Sembra riscuotere consensi il “delitto contro il sentimento per gli animali”, al suo ingresso nel codice penale. Chi abbandona o maltratta un cane rischia anche un anno di carcere. Disfarsi di un animale domestico è crudele, maltrattarlo è sadico, e dunque dura lex sed lex, si perde il posto, la famiglia alla fame, ma con i diritti degli animali non si scherza. Senonché, nello stesso giorno, quasi inosservata le agenzie lanciano brevemente la notizia che Veronica, una delle tre giovani assassine di Maria Laura Mainetti, la suora della Valchiavenna assassinata in nome del demonio, affidata a una comunità di recupero dopo soli quattro anni di carcere è già fuori.
Inevitabile allora che il pensiero corra a quel delitto premeditato con freddezza da tre amiche di 17 anni. In un primo tentativo è proprio Veronica a telefonare a suor Laura dicendosi incinta e bisognosa di aiuto. 19 coltellate, colpi di pietra a finirla mentre pregava, in ginocchio davanti a quelle tre bambine che la schernivano: “Ora, prega il tuo Dio”. E poi, in tribunale, lo scontro fra gli psichiatri. Capaci o no le tre di intendere e di volere? Quanto a Veronica si stabilisce che al momento dell’accanimento feroce lo era solo “parzialmente”. Tuttavia, secondo i periti ,”persona socialmente pericolosa”. Scontata metà della pena, come prevede la legge, fuori dal carcere, in una comunità terapeutica. Dove, pare, dipinge belle porcellane; e dove il fratello si augura che si penta. Una stentata manciata d’anni è trascorsa da quella sera di inganno, dalla telefonata bugiarda e concitata, dall’accorrere ingenuo della suora all’imboscata. Niente di improvvisato: già s’era fatto il giuramento col sangue delle tre, e il primo tentativo fallito. La capacità d’intendere, può darsi, era parziale, ma il piano, quanto lucido e preciso.
E tutto questo vale quattro anni di prigione: poi si va in comunità a dipingere, che è un’altra cosa. Un anno, nello stesso Codice, a chi abbandona un cane.
Forse allora, da una parte o dall’altra, qualcosa c’è che non funziona nella logica del sistema. O è draconiana la punizione del “delitto contro il sentimento per gli animali”, o è troppo debole la pena per chi ammazza gli uomini, e le donne, in particolare con premeditazione, e a pietrate.
Singolare contraddizione, eppure entrambe le derive appartengono alla stessa cultura: l’uomo senza peccato, l’uomo di Rousseau nato buono e dunque facilmente rieducabile – come se il male non fosse mistero, e profondissimo.

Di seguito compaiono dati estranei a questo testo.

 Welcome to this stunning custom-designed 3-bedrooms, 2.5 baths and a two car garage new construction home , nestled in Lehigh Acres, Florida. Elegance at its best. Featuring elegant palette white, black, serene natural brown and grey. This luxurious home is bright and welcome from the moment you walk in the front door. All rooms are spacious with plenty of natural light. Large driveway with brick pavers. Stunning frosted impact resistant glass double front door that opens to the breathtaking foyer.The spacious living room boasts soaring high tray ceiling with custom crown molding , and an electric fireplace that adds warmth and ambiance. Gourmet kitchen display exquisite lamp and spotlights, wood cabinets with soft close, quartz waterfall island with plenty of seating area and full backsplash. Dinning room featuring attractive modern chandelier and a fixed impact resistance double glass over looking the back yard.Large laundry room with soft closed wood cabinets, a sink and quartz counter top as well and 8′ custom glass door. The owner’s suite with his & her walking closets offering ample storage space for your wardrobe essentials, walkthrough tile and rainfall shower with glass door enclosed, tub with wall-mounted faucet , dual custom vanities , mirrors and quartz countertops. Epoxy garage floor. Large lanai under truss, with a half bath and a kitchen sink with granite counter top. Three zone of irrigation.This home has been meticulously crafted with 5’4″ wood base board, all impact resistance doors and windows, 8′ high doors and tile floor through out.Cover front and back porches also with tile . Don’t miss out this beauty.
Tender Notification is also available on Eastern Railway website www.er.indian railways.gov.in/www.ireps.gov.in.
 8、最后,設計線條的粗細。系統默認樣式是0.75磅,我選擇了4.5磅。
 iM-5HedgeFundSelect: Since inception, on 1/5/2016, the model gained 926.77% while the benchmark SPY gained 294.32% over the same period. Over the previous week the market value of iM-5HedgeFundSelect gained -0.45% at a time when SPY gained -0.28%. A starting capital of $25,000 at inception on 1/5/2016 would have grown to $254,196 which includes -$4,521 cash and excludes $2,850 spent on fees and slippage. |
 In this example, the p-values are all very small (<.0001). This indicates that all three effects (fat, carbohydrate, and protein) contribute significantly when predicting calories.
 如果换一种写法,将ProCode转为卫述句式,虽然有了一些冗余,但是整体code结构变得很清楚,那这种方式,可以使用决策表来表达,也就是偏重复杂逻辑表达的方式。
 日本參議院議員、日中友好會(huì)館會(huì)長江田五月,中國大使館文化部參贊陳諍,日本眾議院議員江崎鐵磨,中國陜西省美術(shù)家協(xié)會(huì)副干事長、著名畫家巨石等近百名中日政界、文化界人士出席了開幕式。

E, d’altro canto, unica vera colpa dell’uomo oggi confessata, quella contro l’ambiente, l’aria, i boschi, la fauna, e quindi accettata e quasi richiesta un’esemplare punizione dei trasgressori.
Due diverse, in fin dei conti, declinazioni del “politicamente corretto”, con esiti paradossali. Chi si macchia del delitto contro “il sentimento per gli animali” è additato alla pubblica vergogna. Il “sentimento per gli esseri umani” riscuote invece meno consensi. Donato Bilancia, serial killer dei treni, viene intervistato sulla Rai con deferenza. Il padrone di un allevamento di visoni, portato davanti alle telecamere, susciterebbe più sdegno fra il pubblico che l’assassino di 17 persone. No, qualcosa non torna.